Exile, arrest, loss of employment ...

Exposing a financial scandal or a case of corruption can indeed be expensive for whistleblowers.

This was the case for Jean-Jacques Lumumba in the DRC.

In 2016, a senior executive within the BGFI bank, he revealed suspicious transactions involving the regime of President Kabila.

The case, nicknamed

the “

 Lumumba Papers

, is in the hands of justice.

But the whistleblower now lives in exile in Europe after threats in his country.

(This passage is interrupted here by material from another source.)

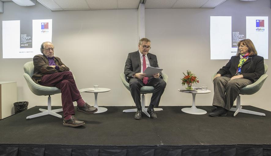 Keywords: indoor •¿Qué entendemos por ciencia y tecnología? ¿Consideramos que nuestra educación en C y T es óptima? ¿Qué tanto prestigio tienen los científicos para los chilenos?, son algunas preguntas que responde la Encuesta Nacional de Percepción Social de la Ciencia y la Tecnología en Chile. CONICYT dará a conocer a la comunidad los resultados de la Encuesta Nacional que mide la Percepción Social de la Ciencia y la Tecnología en Chile, consulta realizada entre los meses de octubre 2015 y enero 2016, en zonas urbanas y rurales, y que busca establecer una línea base que permita conocer el estado actual en que se encuentra la relación de la sociedad con esta actividad. “Los resultados nos entregan valiosos antecedentes sobre la forma en que los chilenos entienden la ciencia y la actividad científica, por ejemplo, que la CyT nos permitirán tener una mejor calidad de vida. Esto nos obliga a compartir estos resultados con toda la comunidad, pero al mismo tiempo, comprender cómo la gente percibe estos temas nos permite mejorar nuestro aporte a la formación, desde los párvulos a la población en general; pero también traducir esa mejor comprensión y valoración de estas áreas puede impactar en los recursos que necesitamos no sólo en el ámbito formativo, sino también en el quehacer científico y tecnológico, que es imprescindible para el desarrollo económico y social del país”, explica Christian Nicolai, Director Ejecutivo de CONICYT. La encuesta presencial se aplicó a nivel nacional (en las 15 regiones del país) a 7.637 personas de 15 años y más, y se orientó bajo un marco teórico desarrollado en el documento “Consideraciones para la definición y medición de la cultura científica en Chile”, además de apreciaciones de la Red Iberoamericana de Indicadores de Ciencia y Tecnología, RICYT. Cabe destacar que, así como lo hace Chile, 11 países de la Región han aplicado este tipo de encuestas durante los últimos 15 años para conocer la percepción pública, acerca de la ciencia y la tecnología, abordando principalmente las dimensiones como: imagen sobre la CyT y de quienes las desarrollan; interés, nivel de información y hábitos cotidianos vinculados con estas temáticas; y la valoración y utilidad que éstas tienen. “Los datos que arroja esta encuesta son fundamentales para que el esfuerzo que realiza el país en Ciencia y Tecnología tenga cada día una mayor vinculación con las preocupaciones de la sociedad y una creciente incidencia en nuestro desarrollo social, cultural, y económico. Acoger estas prioridades va justamente en la línea de fortalecer las capacidades de planificación de CONICYT que nos encomendó la Presidenta de la República a comienzos de este año”, recalcó Mario Hamuy, Presidente del Consejo de CONICYT. “Estos datos otorgan un gran potencial como insumo de orientación para la toma de decisiones de las autoridades, universidades, fundaciones, empresas e investigadores comprometidos con el gran desafío que tenemos como país de incorporar el conocimiento y la inteligencia como herramientas que impulsen nuestro desarrollo”, agrega el doctor Hamuy. Del mismo modo, el Programa Explora de CONICYT concentra sus esfuerzos en ayudar a instaurar esta cultura científica en la población, a través de acciones de educación no formal en ciencias dirigidas a las nuevas generaciones desde la escolaridad temprana. ¿Cuánto de este conocimiento, actitudes y habilidades para la ciencia y tecnología han sido incorporadas por la población? “Es claro entonces que la ciencia no es de incumbencia exclusiva de los científicos, así como tampoco es un conocimiento que se crea para guardarse. La ciencia y tecnología están presentes en todos los espacios en que nos desarrollamos y, sin embargo, aún no sabemos cómo y cuánto se valora en nuestro país, cómo nos modifican y, también, cambian el rumbo de las sociedades”, explicó Christian Nicolai. Este estudio fue realizado por el Dirección de Estudios Sociales de la Pontificia Universidad Católica de Chile, DESUC. •¿Qué entendemos por ciencia y tecnología? ¿Consideramos que nuestra educación en C y T es óptima? ¿Qué tanto prestigio tienen los científicos para los chilenos?, son algunas preguntas que responde la Encuesta Nacional de Percepción Social de la Ciencia y la Tecnología en Chile. CONICYT dará a conocer a la comunidad los resultados de la Encuesta Nacional que mide la Percepción Social de la Ciencia y la Tecnología en Chile, consulta realizada entre los meses de octubre 2015 y enero 2016, en zonas urbanas y rurales, y que busca establecer una línea base que permita conocer el estado actual en que se encuentra la relación de la sociedad con esta actividad. “Los resultados nos entregan valiosos antecedentes sobre la forma en que los chilenos entienden la ciencia y la actividad científica, por ejemplo, que la CyT nos permitirán tener una mejor calidad de vida. Esto nos obliga a compartir estos resultados con toda la comunidad, pero al mismo tiempo, comprender cómo la gente percibe estos temas nos permite mejorar nuestro aporte a la formación, desde los párvulos a la población en general; pero también traducir esa mejor comprensión y valoración de estas áreas puede impactar en los recursos que necesitamos no sólo en el ámbito formativo, sino también en el quehacer científico y tecnológico, que es imprescindible para el desarrollo económico y social del país”, explica Christian Nicolai, Director Ejecutivo de CONICYT. La encuesta presencial se aplicó a nivel nacional (en las 15 regiones del país) a 7.637 personas de 15 años y más, y se orientó bajo un marco teórico desarrollado en el documento “Consideraciones para la definición y medición de la cultura científica en Chile”, además de apreciaciones de la Red Iberoamericana de Indicadores de Ciencia y Tecnología, RICYT. Cabe destacar que, así como lo hace C

Noureddine Tounsi denounced corruption at the port of Oran in Algeria in 2017. He was arrested in September 2020 and is being prosecuted for espionage.

Reprisals according to the PPLAFF, while the NGO recalls that the investigations into the scandal revealed by the whistleblower are not progressing.

In Mali,

Fadiala Coulibaly

, an accountant, revealed a network of embezzlement intended for cotton farmers in 2017, but he lost his job for his commitment.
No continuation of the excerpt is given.